We Can Change the Narrative

The World Health Organization found that fat/higher-weight children are 63 percent more likely to be bullied than other kids. In a survey I posted to X this month taken by 39 educators, 62 percent reported that they did not have or know of any policy-related protective factors against anti-fatness in their school systems. Education leaders have the power and the responsibility to add weight-based bullying to their anti-bullying policies and set expectations for their students around weight-based bullying, weight stigma, and body shaming. While ditching diet culture at school takes a village—and a whole lot of unlearning—education leaders can start by asking the following questions of themselves, their fellow educators, and their school communities:
  • What does wellness mean to us?
  • How do the most vulnerable and marginalized people at our school feel about themselves when they are here? 
  • How does diet culture/fatphobia affect those in our community? How does it interact with other oppressions such as racism, sexism, and ableism? 
  • What are we doing to spot diet culture in our school environment so that we can reduce its harmful influence on our community?
  • Am I creating spaces free of body negativity and fostering weight neutrality in our school?

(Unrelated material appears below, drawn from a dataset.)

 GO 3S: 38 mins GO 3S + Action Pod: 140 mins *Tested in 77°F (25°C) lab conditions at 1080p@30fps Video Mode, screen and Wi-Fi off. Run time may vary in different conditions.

  • Do higher-weight teachers, parents, and students feel authentically protected from the harm of anti-fatness in our school space?

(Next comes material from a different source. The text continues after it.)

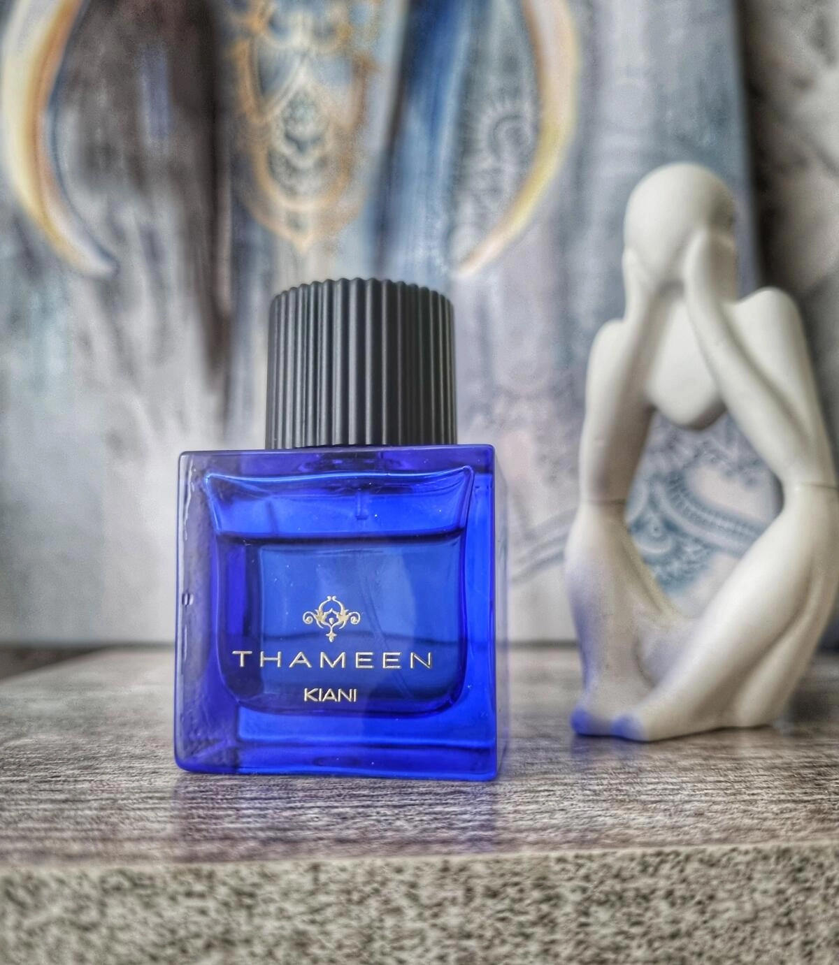 Аромат Thameen Kiani, изысканный и насыщенный пряными древесными нотами, является данью уважения Короне персидских шахов, символизирующей главенство династии Киани. Основание этого произведения искусства выполнено из красного бархата, украшенного изумрудами, рубинами, бриллиантами, жемчугом, а также золотыми и серебряными элементами. Легенды рассказывают о красоте этой короны, а парфюмерная вода стала воплощением мира сверкающих драгоценностей.

  • Are weight, health status, or perceived weight/health status explicitly mentioned in our anti-bullying policies? Where can weight-based anti-bullying be more concrete in our existing policies and practices?
  • How can we better dismantle weight stigma and bias to improve our school community?
Answering these questions takes time and a willingness to learn and unlearn simultaneously. If it prevents just one person from being harmed, it’s work that matters. Some actionable steps you can take as a school leader while working with these questions as your guide:
  • Examine your school and district policies around weight-shaming. If your school does not have an explicitly stated policy that protects fat/higher-weight students and staff, begin by bringing that to your administration or school board’s attention. 
  • Read titles such as What We Don’t Talk About When We Talk About Fat by Aubrey Gordon and FAT TALK: Parenting in the Age of Diet Culture by Virginia Sole-Smith (Macmillan Publishers, 2023). Invite parents, staff, and the community to join in on your learning.
  • Survey the physical classrooms in your schools to make sure they are accessible to students in all bodies and of all sizes and abilities. 
  • Inventory the curriculum; pay close attention to what it says about certain bodies and foods, and work with teachers, staff, and students to revise curriculum that implicitly or explicitly transmits body shame across all subject areas (not just health, physical education, and sciences!)
Diet culture and weight stigma are pervasive and require everyone in a community to interrogate and unlearn what entire industries have taught us about our own worth. Naming and minimizing the effects of diet culture in our school communities can, and will, improve the mental health of our students, staff, and entire communities so that they can focus on learning and achieving well-being. Ditching diet culture at school is an important step toward making schools more healthy, equitable, and inclusive for all.